Records supplied:
::::::::
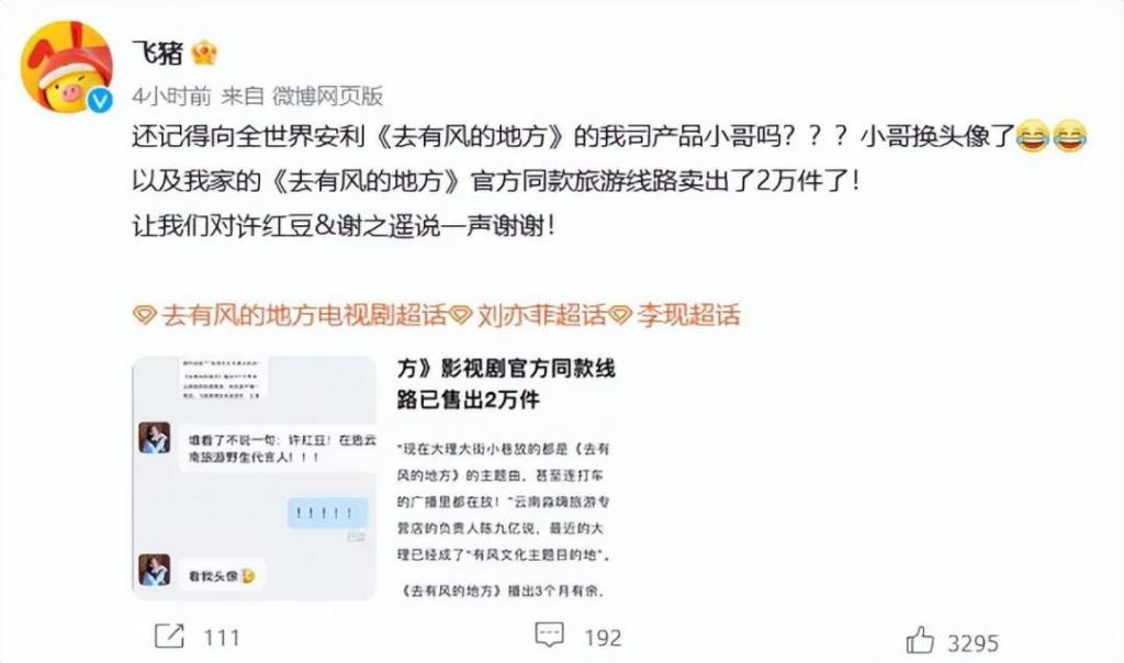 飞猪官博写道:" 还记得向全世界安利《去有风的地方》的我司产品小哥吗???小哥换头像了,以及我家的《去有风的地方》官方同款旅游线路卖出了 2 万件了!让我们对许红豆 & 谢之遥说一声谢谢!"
::::::::
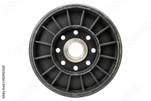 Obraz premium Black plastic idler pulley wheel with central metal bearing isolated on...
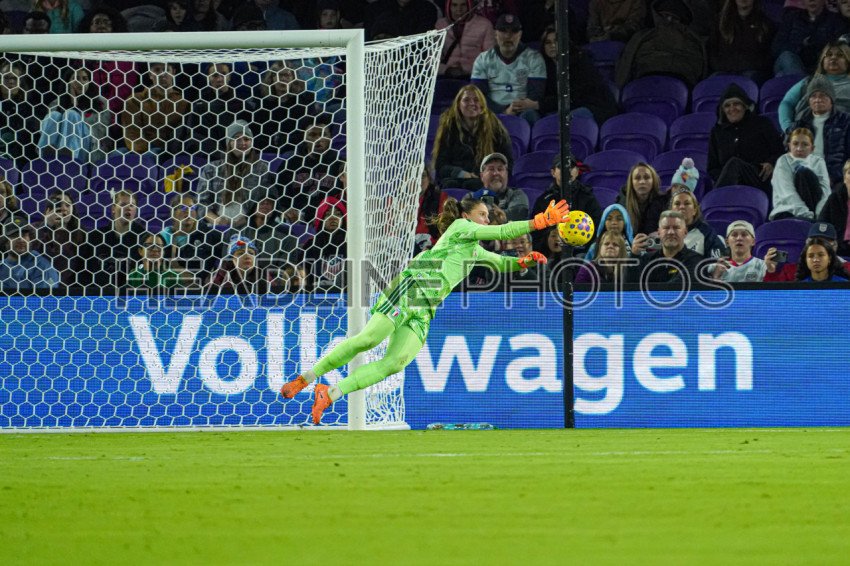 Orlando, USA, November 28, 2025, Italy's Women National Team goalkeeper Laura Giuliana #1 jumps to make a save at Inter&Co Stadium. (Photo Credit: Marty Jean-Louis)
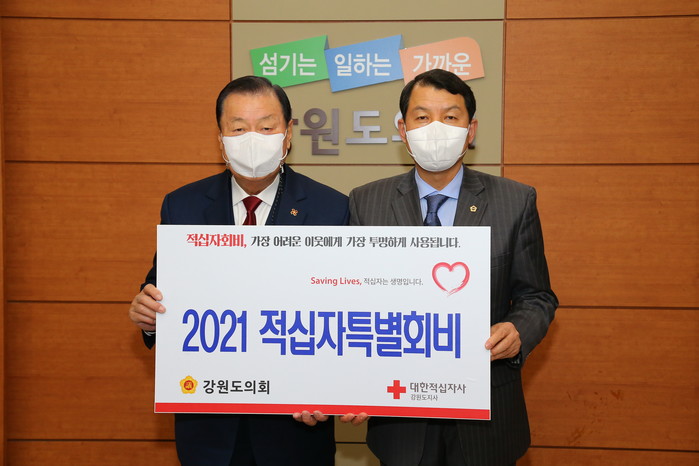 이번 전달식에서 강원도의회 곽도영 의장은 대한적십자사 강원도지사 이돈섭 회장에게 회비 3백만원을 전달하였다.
::::::::
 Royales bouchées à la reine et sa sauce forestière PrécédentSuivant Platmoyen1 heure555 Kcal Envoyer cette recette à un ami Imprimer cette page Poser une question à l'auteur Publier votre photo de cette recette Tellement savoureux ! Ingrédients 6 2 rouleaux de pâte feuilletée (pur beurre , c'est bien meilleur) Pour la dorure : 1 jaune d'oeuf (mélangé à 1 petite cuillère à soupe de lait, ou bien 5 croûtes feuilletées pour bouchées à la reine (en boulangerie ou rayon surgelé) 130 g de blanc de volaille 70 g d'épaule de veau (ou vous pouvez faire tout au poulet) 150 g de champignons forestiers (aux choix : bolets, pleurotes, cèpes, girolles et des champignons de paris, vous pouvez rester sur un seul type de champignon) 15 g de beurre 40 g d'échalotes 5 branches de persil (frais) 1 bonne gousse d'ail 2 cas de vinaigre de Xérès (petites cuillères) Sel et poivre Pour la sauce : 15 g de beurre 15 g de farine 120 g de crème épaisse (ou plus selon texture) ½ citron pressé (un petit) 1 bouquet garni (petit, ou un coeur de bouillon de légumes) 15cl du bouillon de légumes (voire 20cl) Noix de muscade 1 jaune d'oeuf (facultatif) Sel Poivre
::::::::
What you have to do:
Reproduce exactly the lines above that run from the one with "Orlando, USA, November" to the one with "이번 전달식에서 강원도의회", both included, leaving pictures out.

Written reply:
 Orlando, USA, November 28, 2025, Italy's Women National Team goalkeeper Laura Giuliana #1 jumps to make a save at Inter&Co Stadium. (Photo Credit: Marty Jean-Louis)
 이번 전달식에서 강원도의회 곽도영 의장은 대한적십자사 강원도지사 이돈섭 회장에게 회비 3백만원을 전달하였다.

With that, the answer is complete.